La France avait initialement proposé que les négociations prennent pour base les projets de conventions qu'elle avait établis. La partie vietnamienne a cependant souhaité que les discussions sur le texte relatif à l'entraide judiciaire portent sur son propre projet de traité , très largement inspiré de la convention relative à l'entraide pénale de l'Association des nations de l'Asie du Sud-Est (ASEAN). Le texte final est donc moins ambitieux que celui initialement proposé par la partie française , notamment en ce qu' il n'inclut pas de stipulations relatives aux formes les plus modernes de coopération comme la visioconférence, les interceptions de télécommunications, les livraisons surveillées, ou encore les infiltrations. La partie française est néanmoins parvenue à limiter le nombre de motifs de refus et à obtenir l'inclusion de dispositions portant sur la saisie et la confiscation d'avoirs , les dénonciations officielles et les échanges spontanés d'informations .

III. LA SITUATION PRÉOCCUPANTE DES DROITS DE L'HOMME AU VIETNAM

Les infractions politiques et la peine de mort feront obstacle à l'extradition ainsi qu'en dispose l'article 3 du premier traité ( cf. infra ). Compte tenu de la situation des droits de l'homme au Vietnam, ces stipulations sont essentielles .

A. LA RÉPRESSION DE LA DISSIDENCE

Depuis le XII e congrès du Parti communiste vietnamien de janvier 2016 , qui a procédé au renouvellement de la direction collégiale du pays et a mis en place de nouveaux dirigeants plus conservateurs, le contrôle sur la société civile s'est accru , avec une forte augmentation du nombre d'arrestations et de condamnations à de lourdes peines de prison de blogueurs et de journalistes. Les autorités sont attentives à éviter toute tentative d'organisation d'une opposition qui utiliserait notamment les moyens de communication liés à internet, très développé au Vietnam. Un contrôle étroit est ainsi exercé sur la blogosphère et sur les médias.

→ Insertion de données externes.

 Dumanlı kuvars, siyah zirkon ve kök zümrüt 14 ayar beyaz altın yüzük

Dans son rapport 2016/2017, Amnesty International indique à cet égard que « toute critique pacifique des politiques gouvernementales continuait d'être muselée par des moyens judiciaires et extrajudiciaires. Des militants ont été soumis à une surveillance et à un harcèlement de grande ampleur , notamment ceux qui avaient manifesté contre la catastrophe écologique causée par l'entreprise Formosa , qui a touché quelque 270 000 personnes. Les agressions contre les défenseurs des droits humains étaient monnaie courante » .

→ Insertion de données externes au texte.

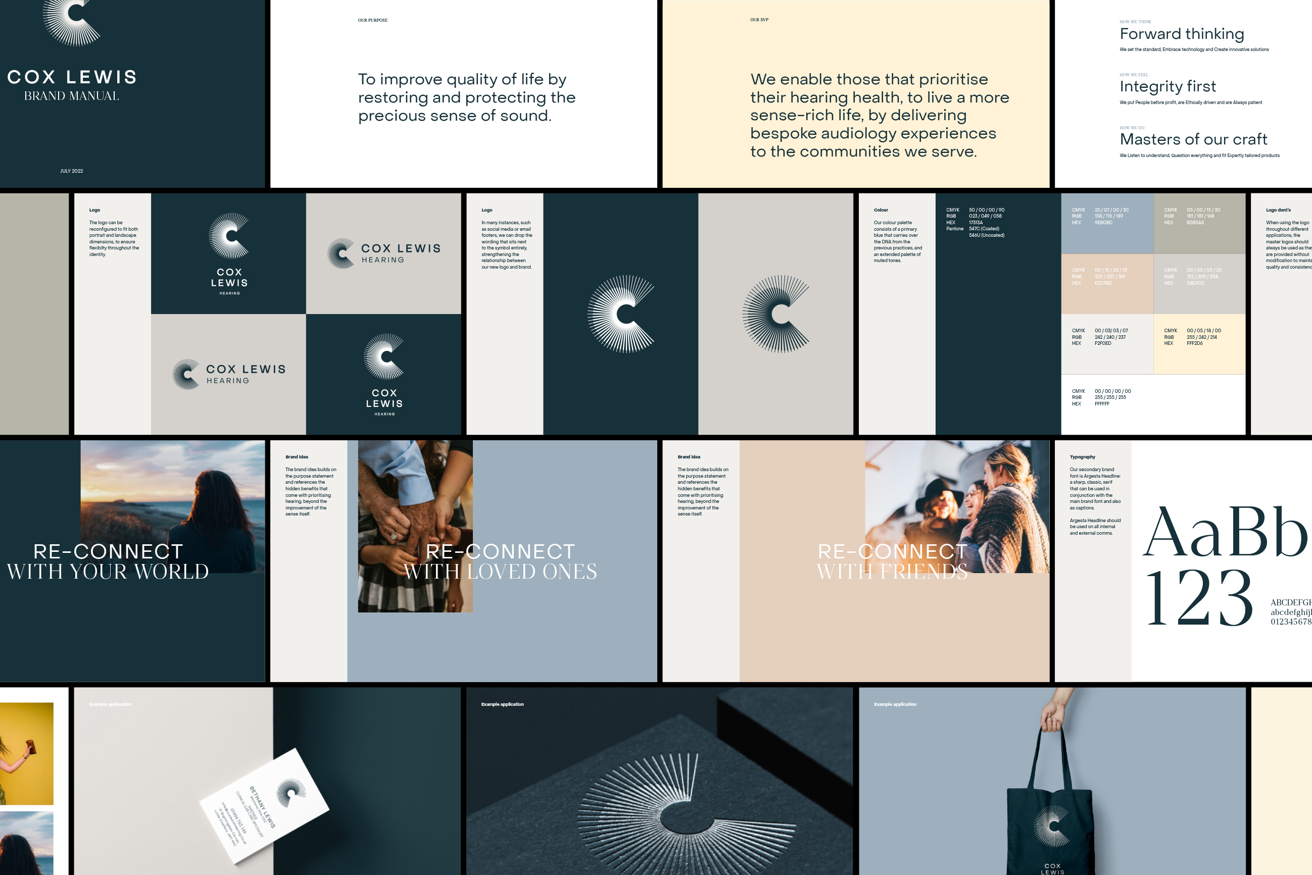 The logo of Cox Lewis Hearing uses Object Sans by Pangram Pangram, whilst the rest of the identity flexes between Object and Argesta by Atipo.

L'organisation internationale de défense des droits de l'homme ajoute que « les autorités ont continué d'avoir recours à des lois formulées en termes vagues pour condamner des militants pacifiques au titre du chapitre sur la sécurité nationale figurant dans le code pénal de 1999, en particulier l'article 258 (« utilisation abusive des libertés démocratiques pour porter atteinte aux intérêts de l'État et aux droits et intérêts légitimes des organisations ou des citoyens »), l'article 88 (« diffusion de propagande contre la République socialiste du Vietnam ») et l'article 79 (« conduite d'activités visant à renverser le gouvernement populaire ») » .

Amnesty international rapporte enfin que « la torture et d'autres mauvais traitements , dont la détention au secret, l'isolement prolongé, les coups, le déni de traitement médical et les transferts punitifs entre établissements, ont été pratiqués contre des prisonniers d'opinion dans tout le pays . À la fin de l'année, au moins 88 prisonniers d'opinion étaient détenus dans des conditions éprouvantes après des procès inéquitables, et certains d'entre eux subissaient des coups et des décharges électriques, étaient maintenus à l'isolement de façon prolongée et privés de soins médicaux. Parmi eux figuraient des blogueurs, des défenseurs des droits du travail et des droits fonciers, des militants politiques, des adeptes de différentes religions, des membres de minorités ethniques, ainsi que des défenseurs des droits humains et de la justice sociale. »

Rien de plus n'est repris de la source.